Прошло не больше трех минут с момента первого разорвавшегося на высоте снаряда и с того момента, когда Гришка из-за своего безрассудного поступка едва не погиб, а вокруг уже рвались снаряды настолько часто, что звуки от их разрывов слились в один непрекращающийся гул. Снаряды рвались то справа, то слева, выворачивая, взметая в теплый прогретый солнцем и горячий от сгоревшего пороха воздух тонны земли, оставляя на месте падения смертоносных зарядов глубокие воронки.

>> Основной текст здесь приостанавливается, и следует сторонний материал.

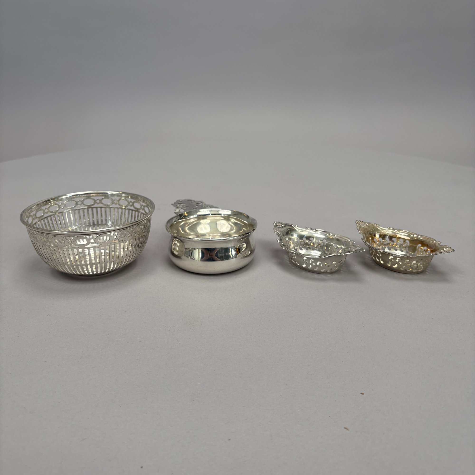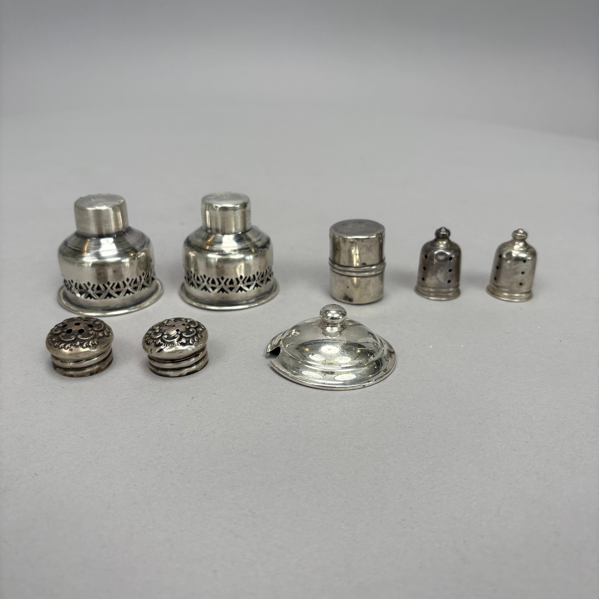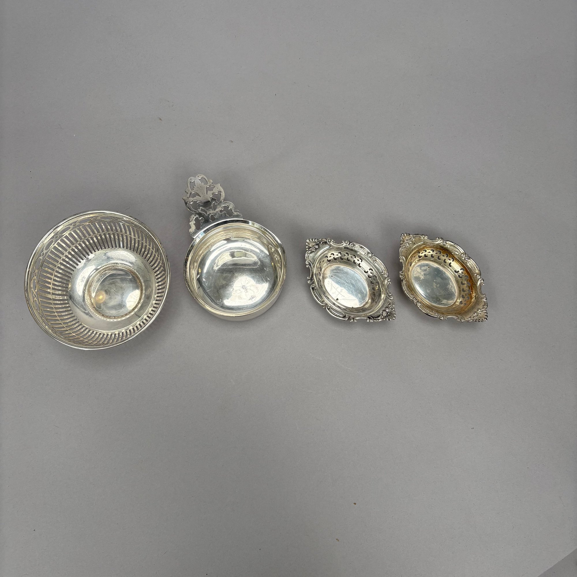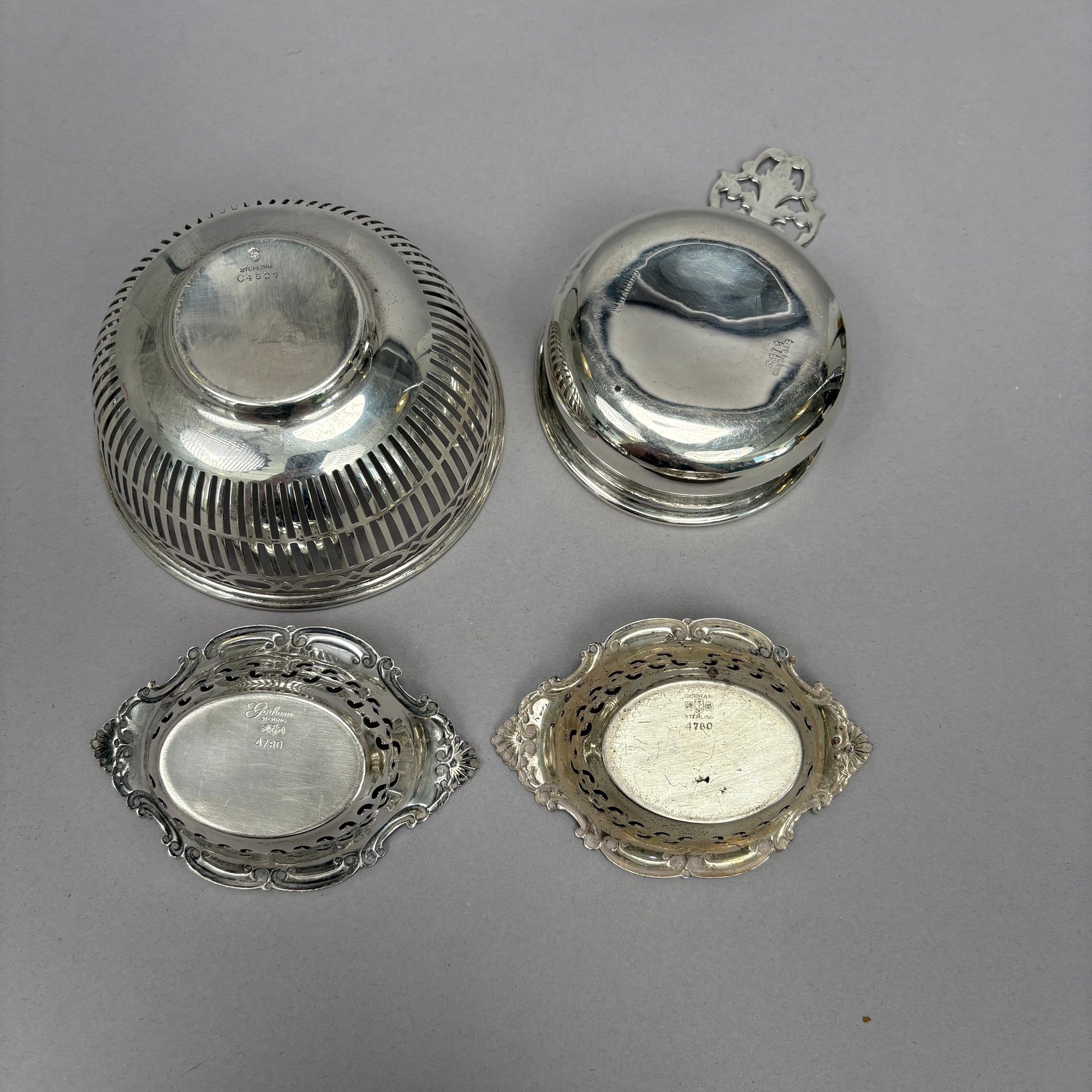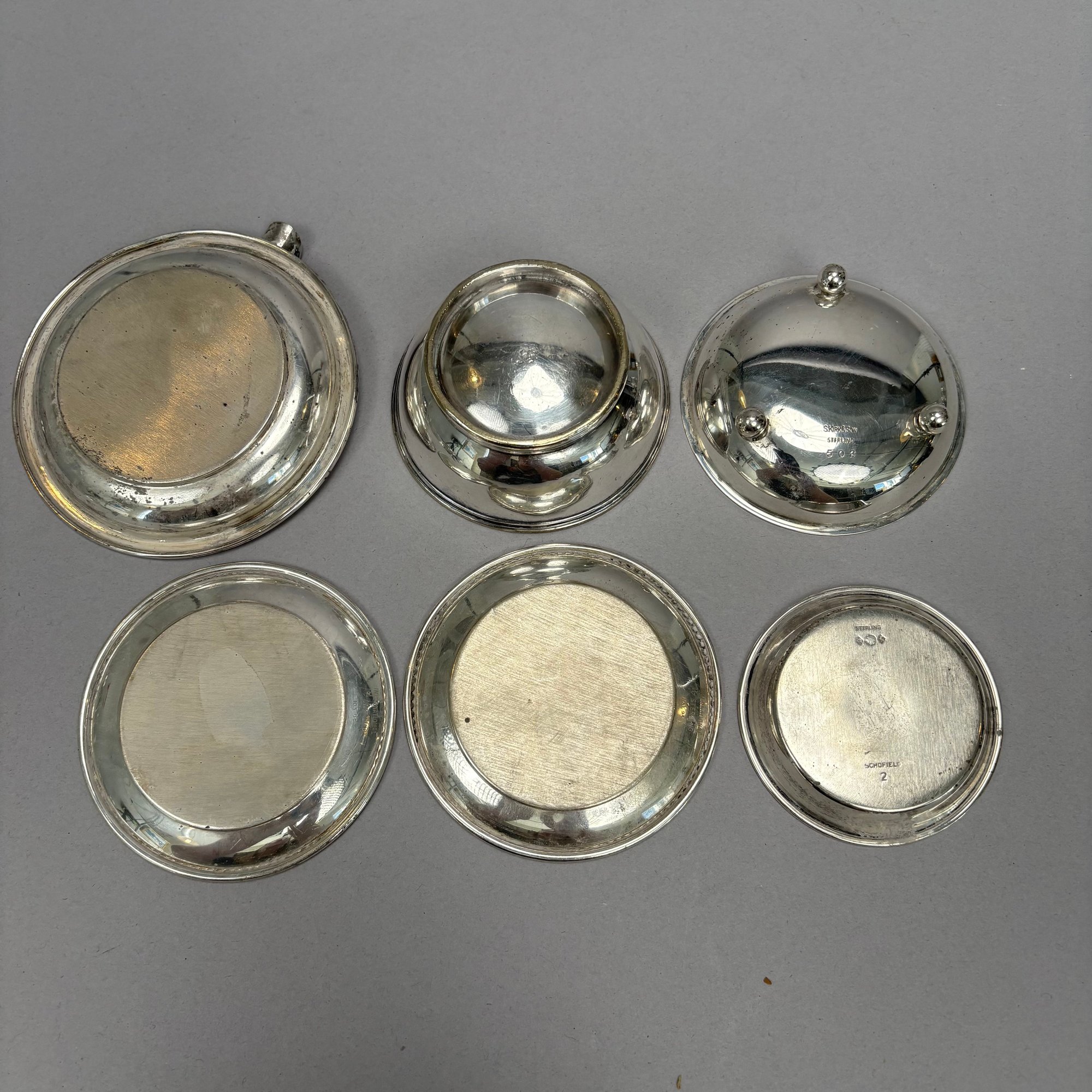Group of American Sterling Silver Table Objects, Various Makers, 20th Century. Comprising a children's porringer, Udall & Ballou, New York, New York; a pair of boxed salt shakers, Wolfenden; and assorted bowls, liners, cups, nut dishes, shakers and casters, pair of salt cellars, vases and scrap items.

Скоро небо заволокло едкой пылью, поднятой огромной разрушительной силы взрывами. Дневное светило, еще недавно такое ясное, располагающее к безделью, заслонили серые и черные облака из дыма и копоти, превратив его в мутный безжизненный диск, который, казалось, стремительно скользил сквозь непроглядный смог, как бы стараясь убежать от непредсказуемых действий обезумевших людей. Но усилия улыбчивого с утра солнца, лик которого за несколько минут основательно помрачнел, были тщетны, ибо в огромном, бескрайнем небе не нашлось ему места тихого и спокойного, потому что фронт растянулся на тысячи километров и везде творилось нечто невообразимо ужасное.
Далеко на горизонте Григорий увидел густую пыль, поднятую гусеницами тяжелых танков противника. Бронированных чудовищ, которых фашисты окрестили грозным звериным именем «Тигр», он мог легко определить даже на таком расстоянии по их своеобразному силуэту. Танки шли походной колонной, он насчитал шестнадцать машин. Через минуту «хищники» спустились в лог, а когда опять появились в поле зрения, они уже были развернуты в боевой порядок. За танками бежали автоматчики в серых шинелях.
Вооружение «Тигров» позволяло вести им бой на дистанции более двух тысяч метров, и в основном они предназначались для истребления танков противника. Поэтому как только они вышли на исходные позиции, так сразу же открыли беглый огонь из всех пушек, не видя замаскированные танки, а просто для того, чтобы нагнать на советские экипажи, затаившиеся до поры до времени в укрытии, побольше страху.
– А вот шиш вам удастся сломить наш моральный дух, – пробормотал, обращаясь к немецким танкистам, Гришка, устремив немигающий взгляд прямо перед собой, мысленным взором представляя их наглые ухмыляющиеся лица в пилотках набекрень. «Веселитесь, веселитесь, – зло рассуждал он далее про себя, – а только скоро вам плакать придется. Вот тогда посмотрим на ваши фашистские рожи». – И с пренебрежительной ухмылкой, свойственной ему во время надвигавшейся опасности, насмешливо сказал в переговорное устройство: – Командир, по наши души прибыло зверье.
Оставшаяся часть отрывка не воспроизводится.